Her first fleeting impression is that a homeless man has somehow gotten past the doorman and wandered onto her floor. In the instant before he attacks, other details assail her: the yellow tinge of his flesh, the viperous jaw, the small knots of horn or bone jutting from his temples, linking the thickened ridge of his brow like glass shards set into concrete; and behind that, a wild, oily chaos of black hair. Now the thing’s eyes flare, bright red (like the tail lights of a Mustang) as the fanged mouth unhinges and comes for her. Angela’s arms rise instinctively, presenting her wrists. She has not had time to cry out yet; the impossible details of the thing standing before her only barely registered on the subconscious level. What appeared to be threadbare, ragged clothes are some kind of patchwork armor, beaten and scarred by the trials of a horrible existence, and the wickedly familiar blade in his hand comes whistling forth, burying itself to the hilt in Angela’s side, robbing her of the breath to scream.

There is no time for a mind so shocked to register things like doubt or disbelief, yet there is no reference in Angela’s mind for this plateau of pain, or for the body of the thing now looming over her, slowing drawing its knife out of her flesh as it salivates and prepares to deal the next, fatal cut. She tries to scream. Only life comes burbling out.

But now, as sounds grow distant and vision blurs, another form shimmers into life before her, swims into reality behind the yellow-skinned horror and its claw full of hate. The thing spins on its heel suddenly, cloven toes splayed, screaming in a language that sounds absurdly like a garbage disposal. Then the newcomer utters one ringing note, sings it high and sweet as the apartment is engulfed by light. Angela sees her attacker in cameo, coming apart at the seams, fingers and forearms trailing like windblown sand. As the blinding glow fades, so does Angela, and from miles above, out of a dark internal sky, the echo of a familiar voice murmurs down to her.

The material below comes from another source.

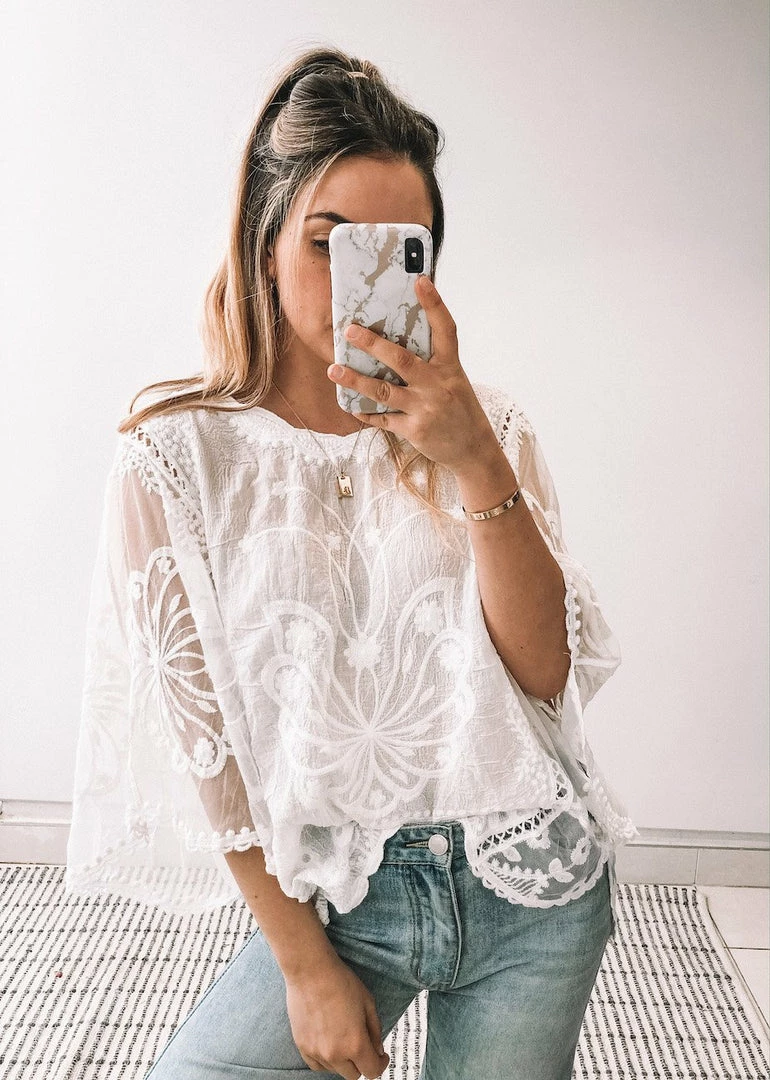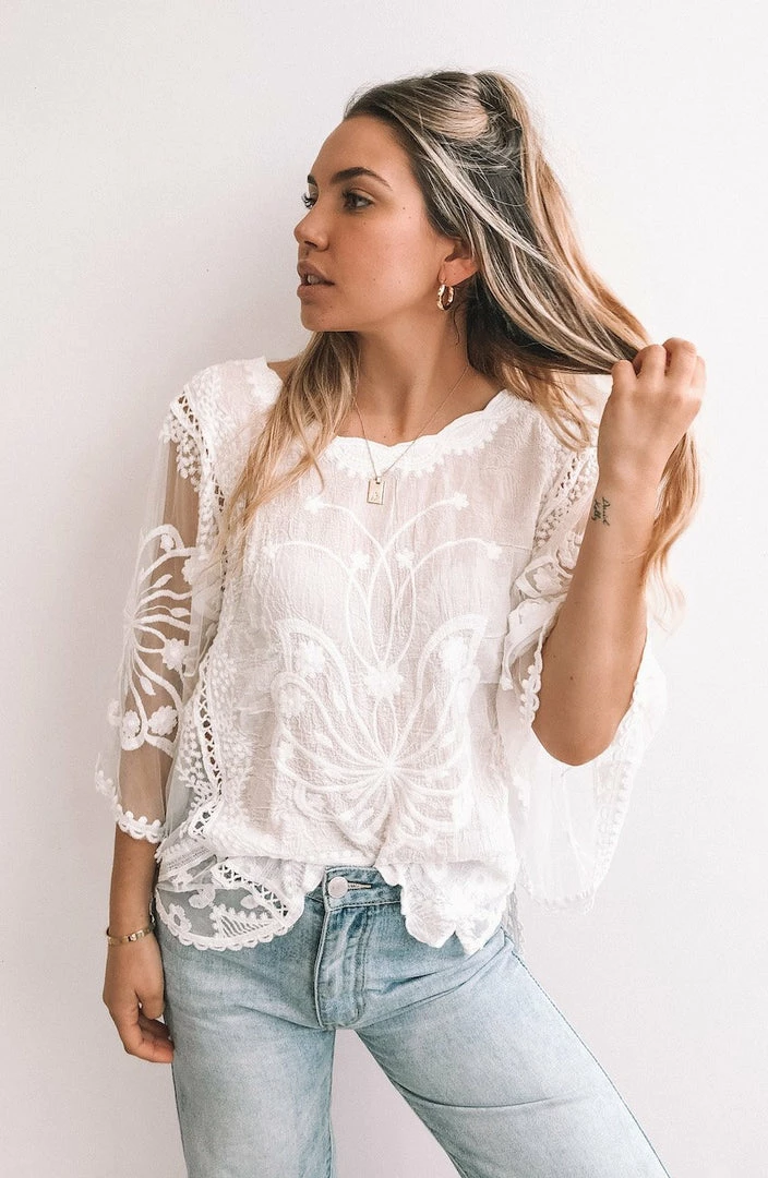Our Gabrielle Top is a white tone. This lightweight sheer top features lace embroidery for a gorgeous bohemian look. The relaxed fit is ideal for the warm weather to come and pairs beautifully with a white or nude lacey bra. This is a one size fits all that fits sizes 6-14 depending on the desired fit.

“I was wrong… you were part of the journey…”

One final, thudding beat of sound registers in Angela’s brain, and the world recedes altogether.


* * *
It’s the sound nobody wants to hear upon waking. Machines. The steady, low rhythm of beeps that signal one is attached to a monitor, meaning one was recently pressing the bounds of mortality. “…treated for a stab wound,” someone says. “I think she’s waking up. Angela? Can you hear me?”

Mmm… hmm…

“Angela, I am Dr. Patel. You’re in the ER at St. Bethany’s Hospital. Do you remember what happened to you?”

No. Yes. Maybe.

“You were stabbed in the abdomen by an 8-inch chef’s knife. Your friends called the paramedics. They saved your life tonight. Corporal Eddings here is hoping you can tell him what the person who did this looked like.”

My... friends?

“Hey, baby,” says Issa quietly, as if words spoken too loudly could further the injuries.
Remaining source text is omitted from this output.